Cryptocurrencies have soared in popularity since 2008, with more than 1,000 in existence today and an aggregate value greater than the market capitalization of IBM. But we are highly doubtful whether they will ever become mainstream currencies. The need for companies and individuals to pay tax receipts in government-issued currency, and the potentially unlimited crypto-money supply, pose significant barriers to widespread adoption. We think the sharp rise in crypto-currency valuations in recent months is a speculative bubble.
But while we are doubtful cryptocurrencies will ever become a mainstream means of exchange, the underlying technology, blockchain, is likely to have a significant impact in industries ranging from finance to manufacturing, healthcare, and utilities. We estimate that blockchain could add as much as USD 300-400bn of annual economic value globally by 2027.
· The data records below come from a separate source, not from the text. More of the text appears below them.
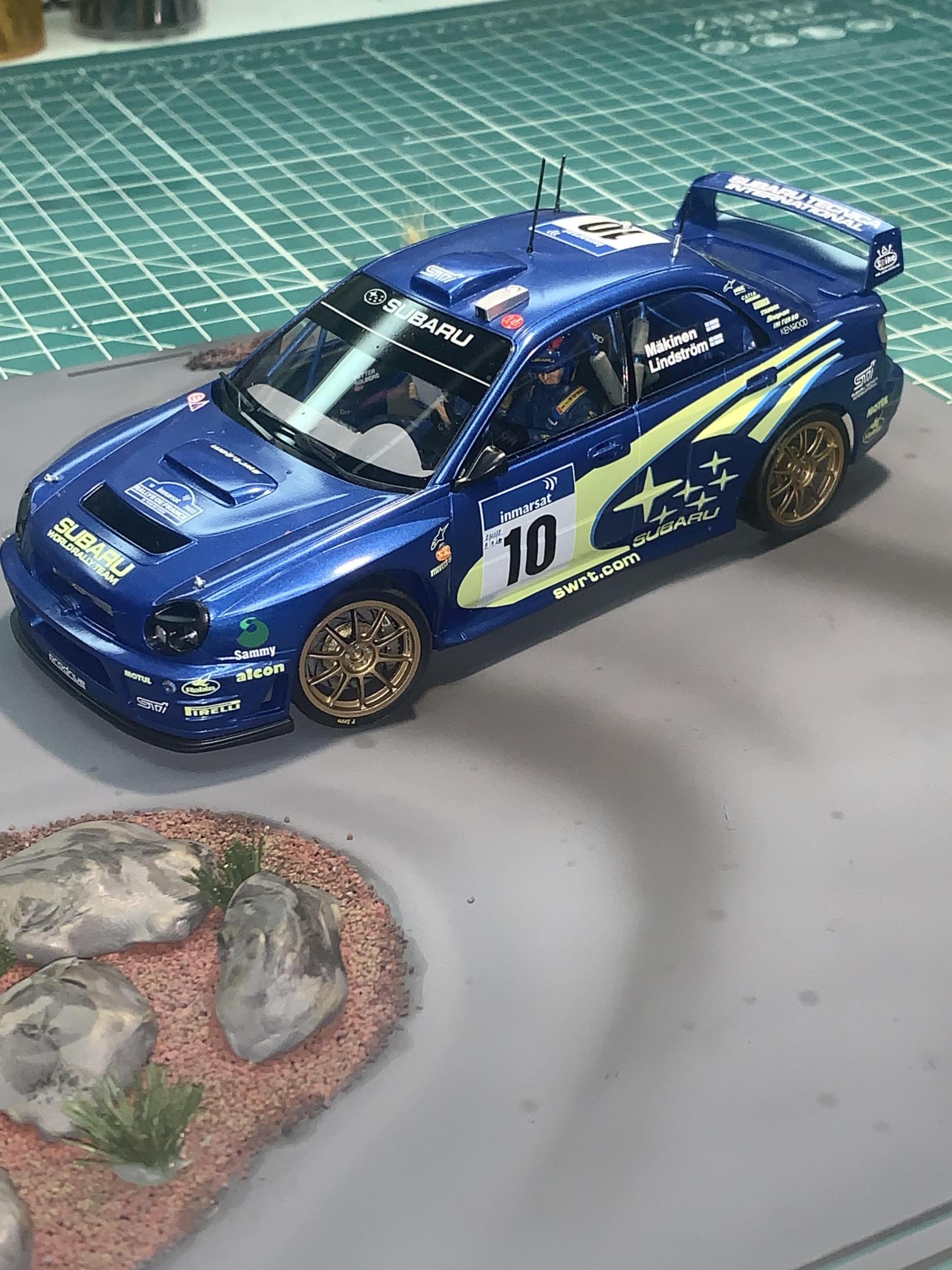 I built this kit for my son’s birthday. It will be going on a base depicting a blacktop U turn during a rally. What a pleasure to build. Everything fit perfectly, even the driver and co-pilot had position able arms. I put the driver looking left while counter steering to the right with his arms. That’s how the display willbe. Decals went on perfectly with some needing a littlesetting solution. The kit came from Europe.
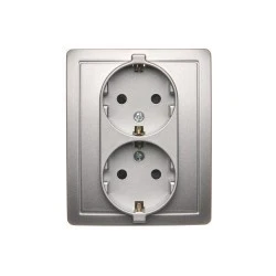 Simon Basic Gniazdo wtyczkowe z uziemieniem Schuko podwójne z przesłonami srebrny mat BGSZ2Z/43
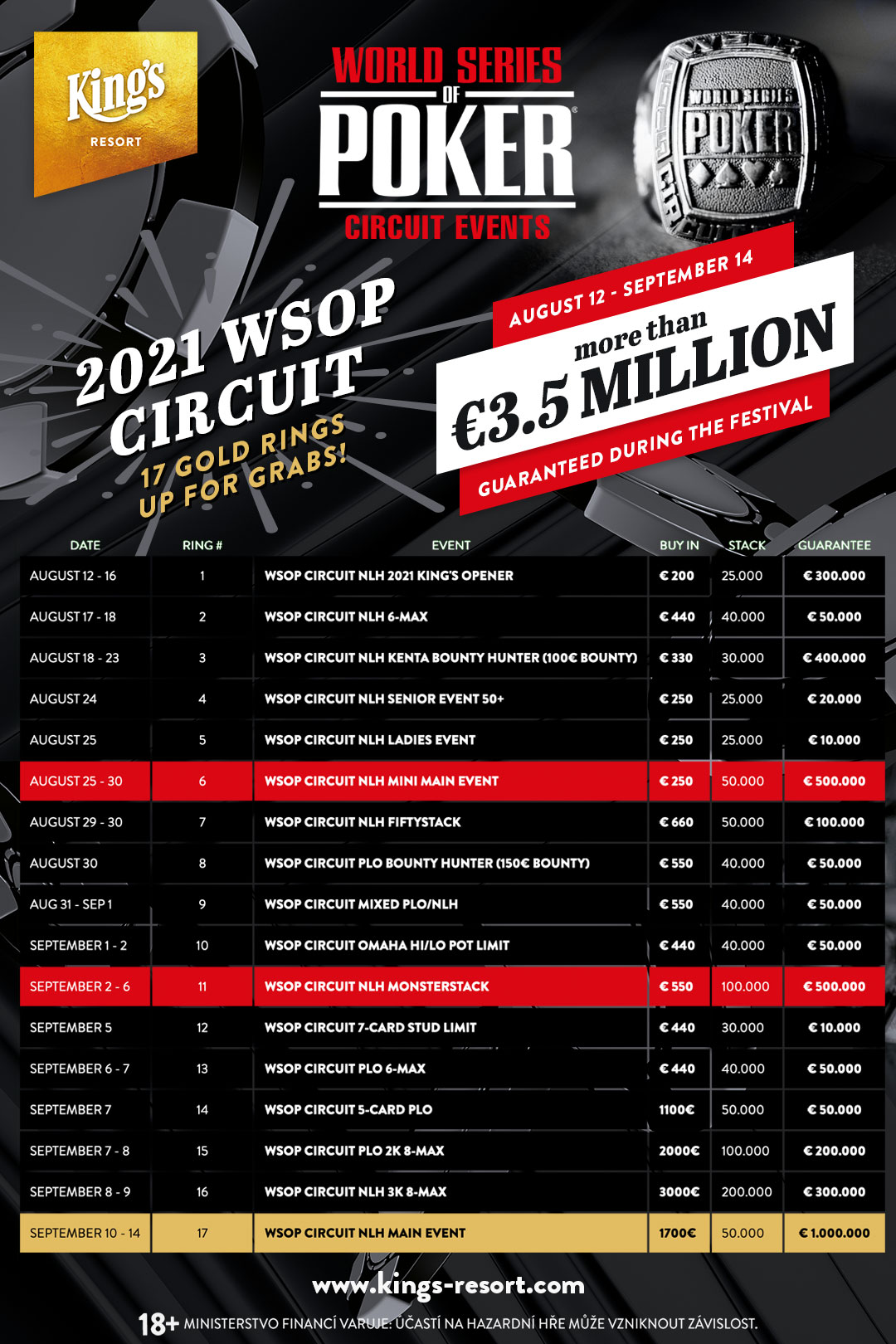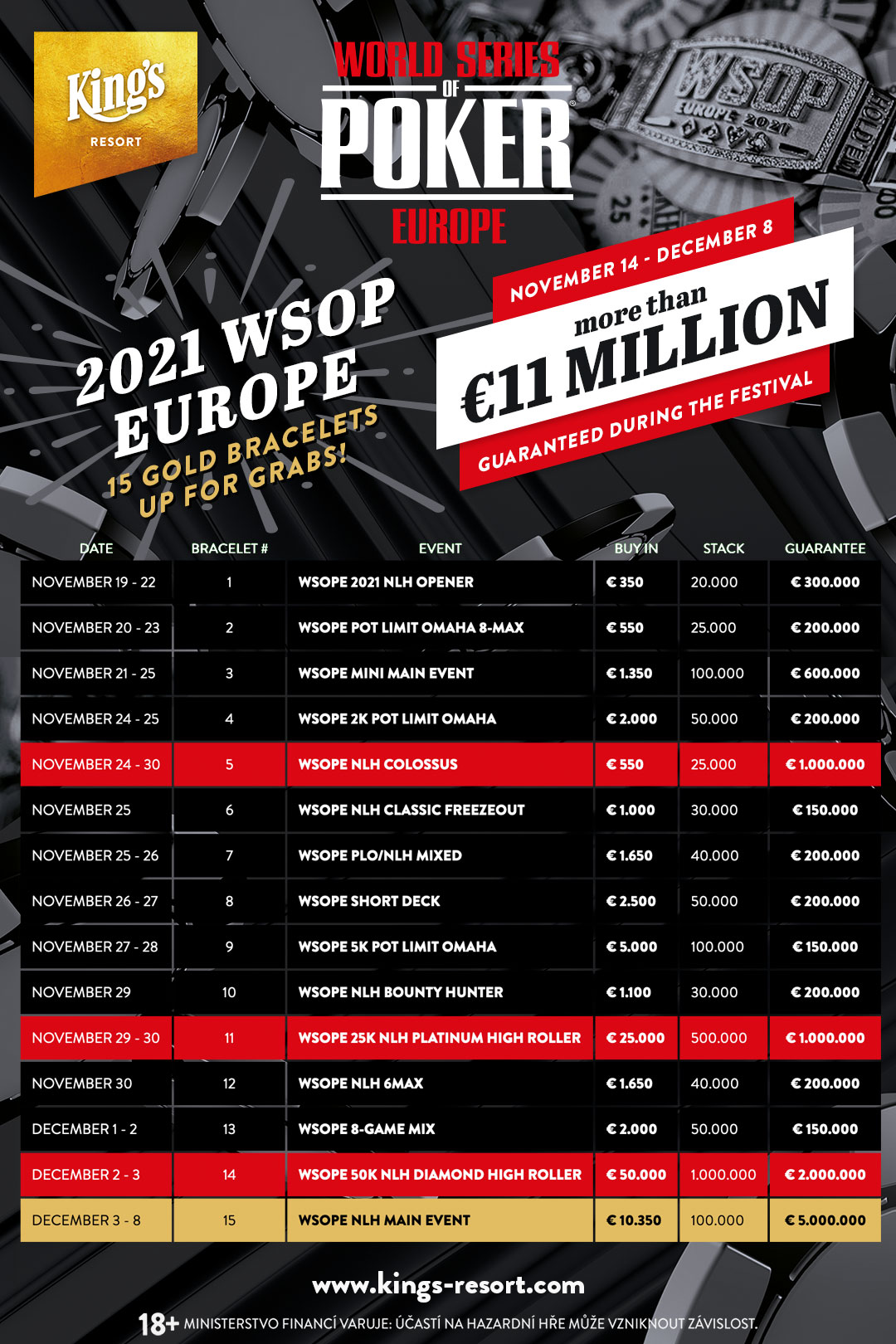 V ponedeljek, 12. julija, je World Series of Poker uradno objavil spored za 2021 WSOP Europe, ki naj bi potekal od 19. novembra do 8. decembra letos. WSOPE bo znova potekal v letovišču King’s Resort v Rozvadovu na Češkem. Letos bo serija vključevala 15 zlatih zapestnic z več kot 11 milijoni evrov garantiranih denarnih nagrad.
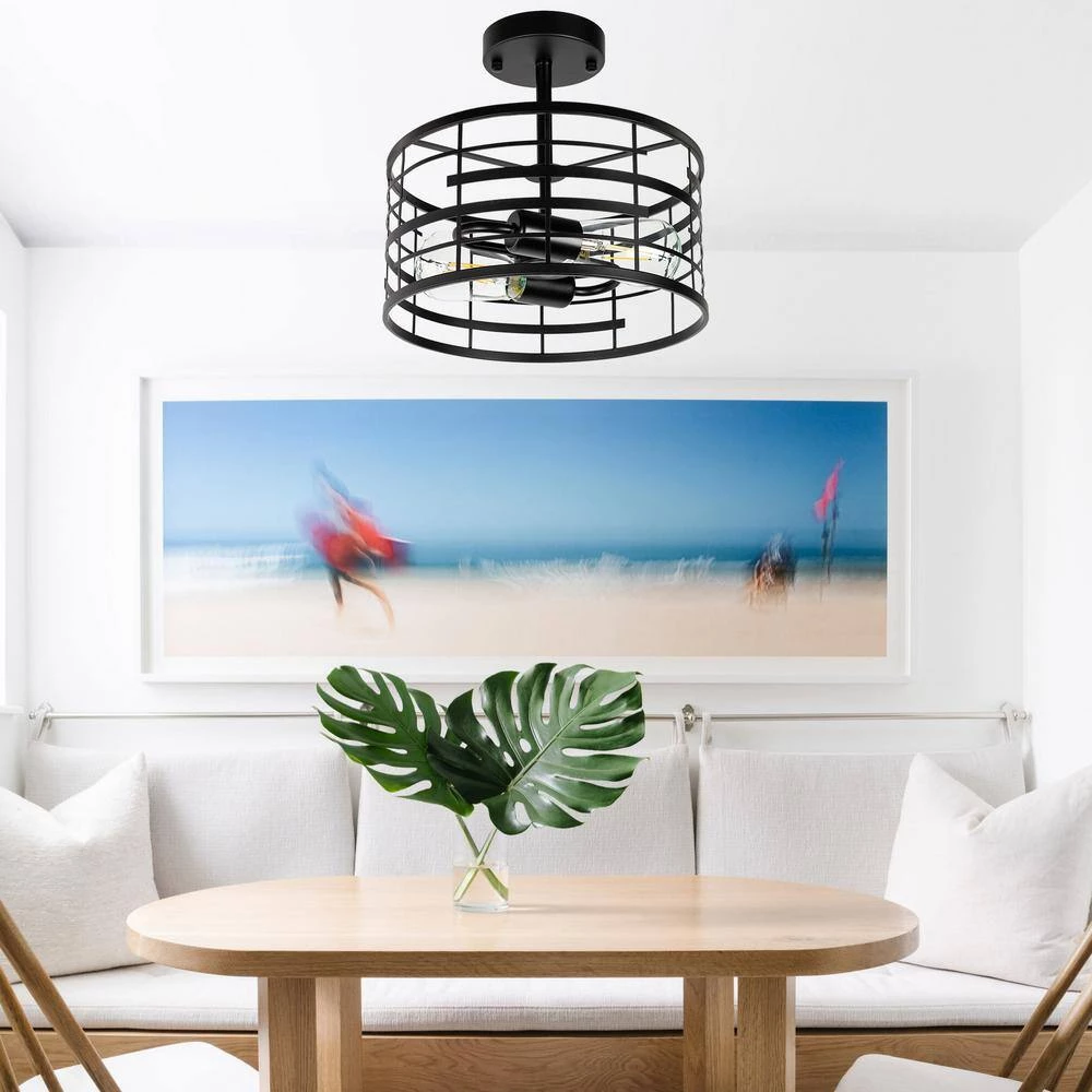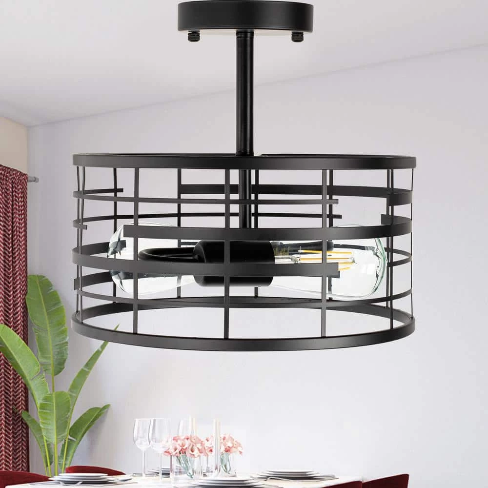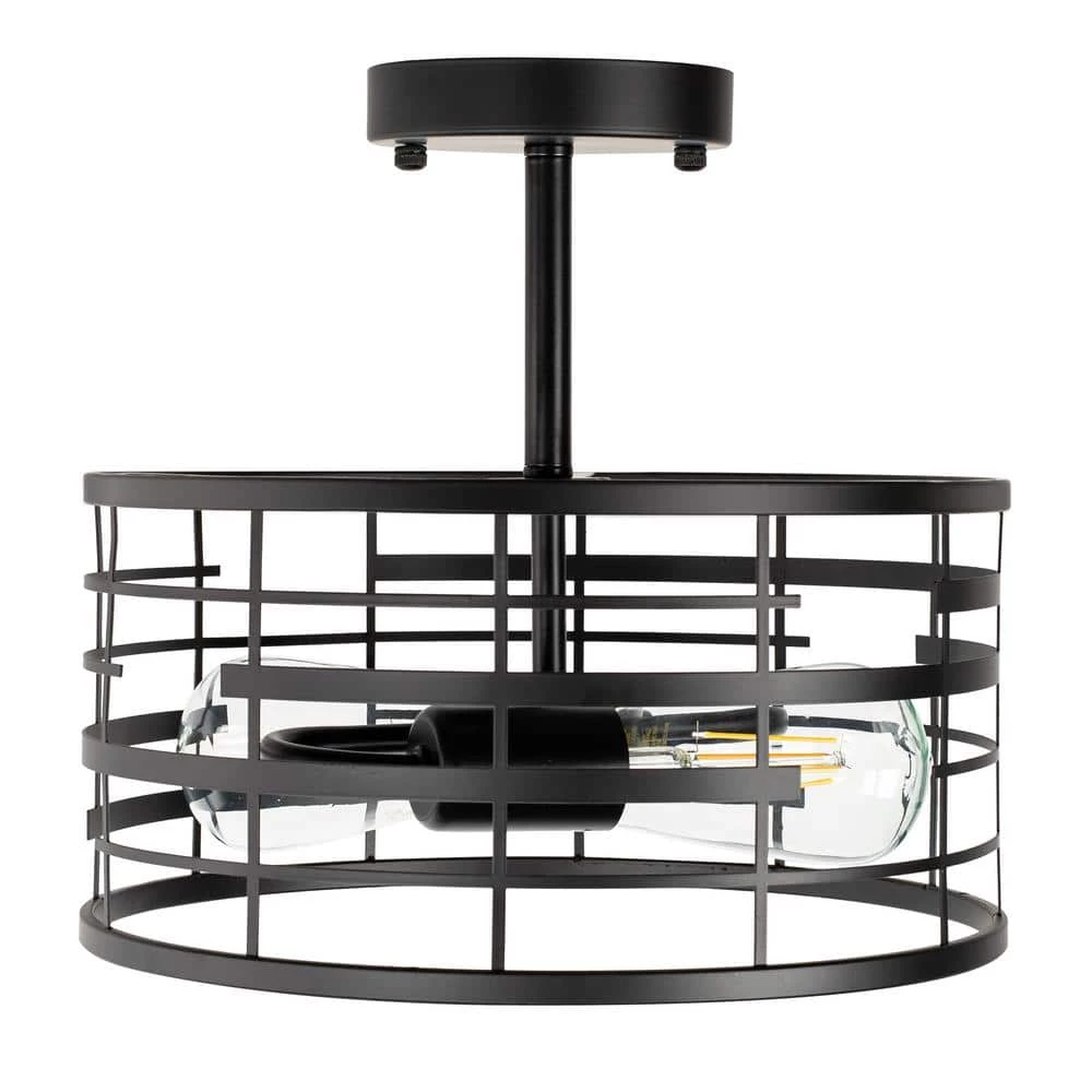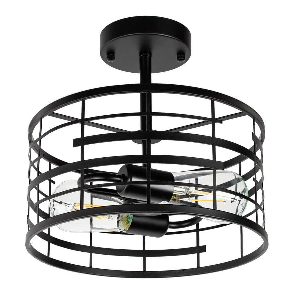 - Traditional design: 11 in. modern industrial ceiling light in a matt black finish enclosed iron cage frame
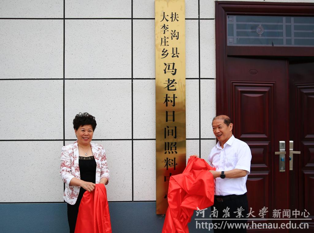 校长介晓磊与扶沟县县委副书记张雪芳共同为冯老村日间照料中心揭牌
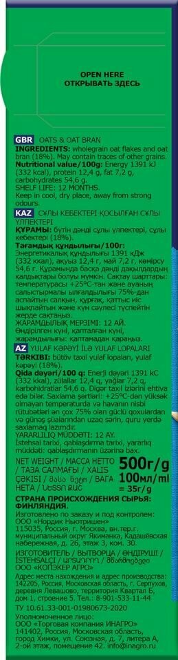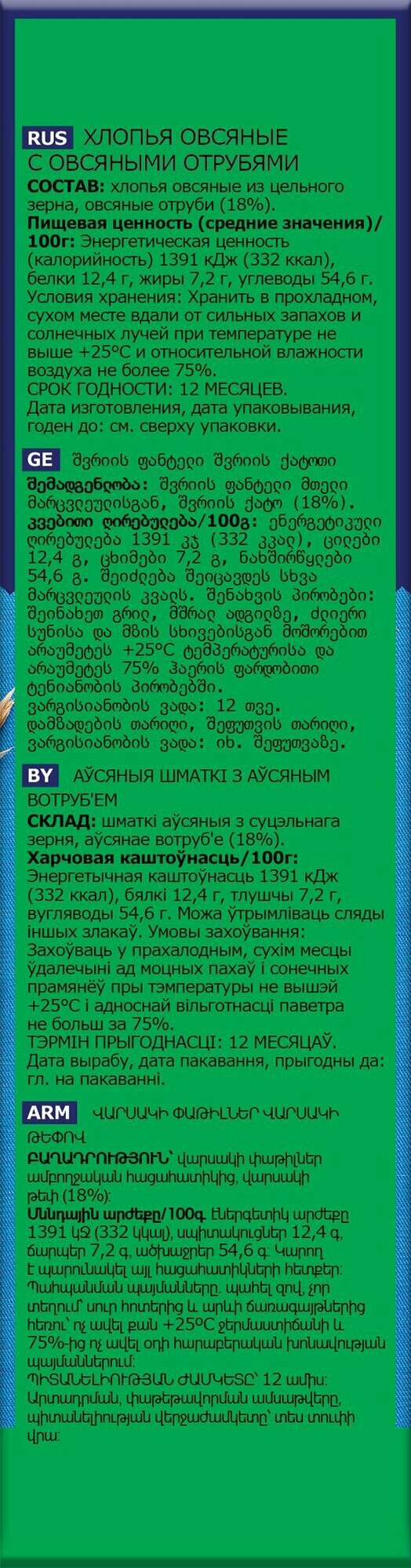 | Состав | хлопья овсяные из цельного зерна, овсяные отруби |
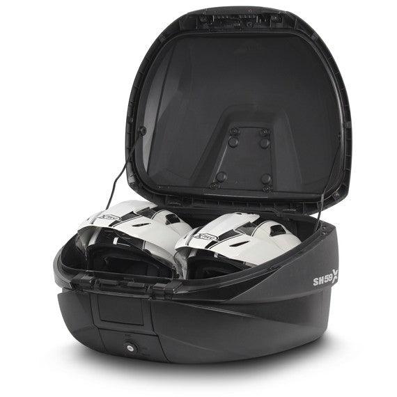 Capacità di stoccaggio: Con una capacità massima di 59 litri, il bauletto SH59X può ospitare comodamente due caschi enduro, rendendolo ideale per le uscite in coppia o per i viaggi di lunga durata.
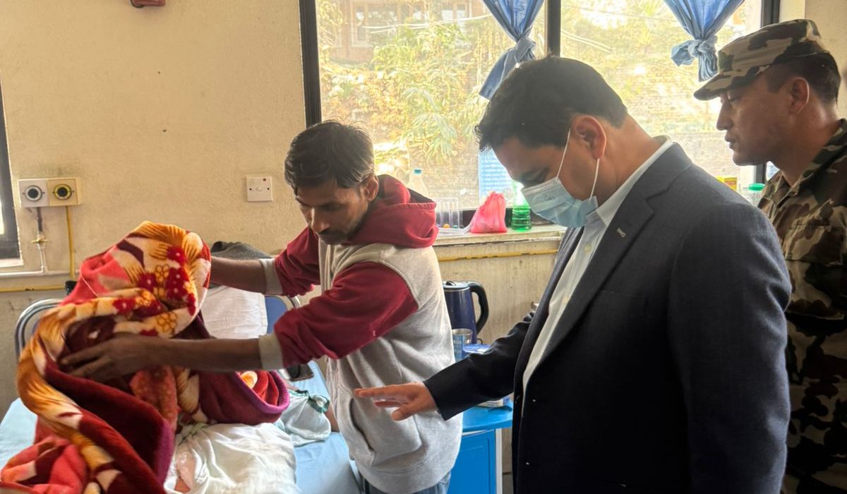 काठमाडौं २८ कमलपोखरीस्थित एक मःमः आउटलेट आगलागीका क्रममा जलेर घाइते बिरामीहरुको उपचार अवस्थाबारे जानकारी लिंदै मन्त्री पौडेलले बिरामीहरुका गुनासा सुने ।
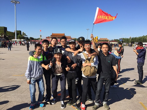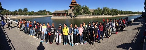 辅导员秦岭带领32名外地生和8位藏、回、满等少数民族学生一起畅游北京。
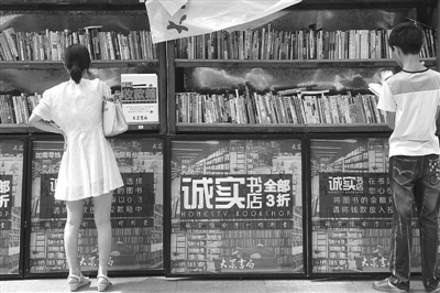 7月27日,南京新街口大众书局门前广场上,无人看管的“诚实书店” 引来过往路人看书购书。据了解,读者在选好图书后,自行将书上的定价乘以0.3,然后将相应的购书款投入收款箱即可。这种没有店员值守,自己投币的售书方式令人颇感新鲜。王路宪/CFP

Investing in the blockchain wave is akin to investing in the internet in the mid-nineties. Blockchain could lead to significant disruptive technologies in the coming decade. But for the time being, technological shortcomings still need to be resolved, it remains unclear which specific applications will prove most useful/profitable, and actual revenue and profitability associated with the industry is currently limited. Despite these challenges, investors seeking long-term opportunities from blockchain technology can start to position in two broad groups: technology enablers – in software, semiconductors, and platforms; and early & successful adopters – in finance, manufacturing, healthcare, utilities, and the sharing economy.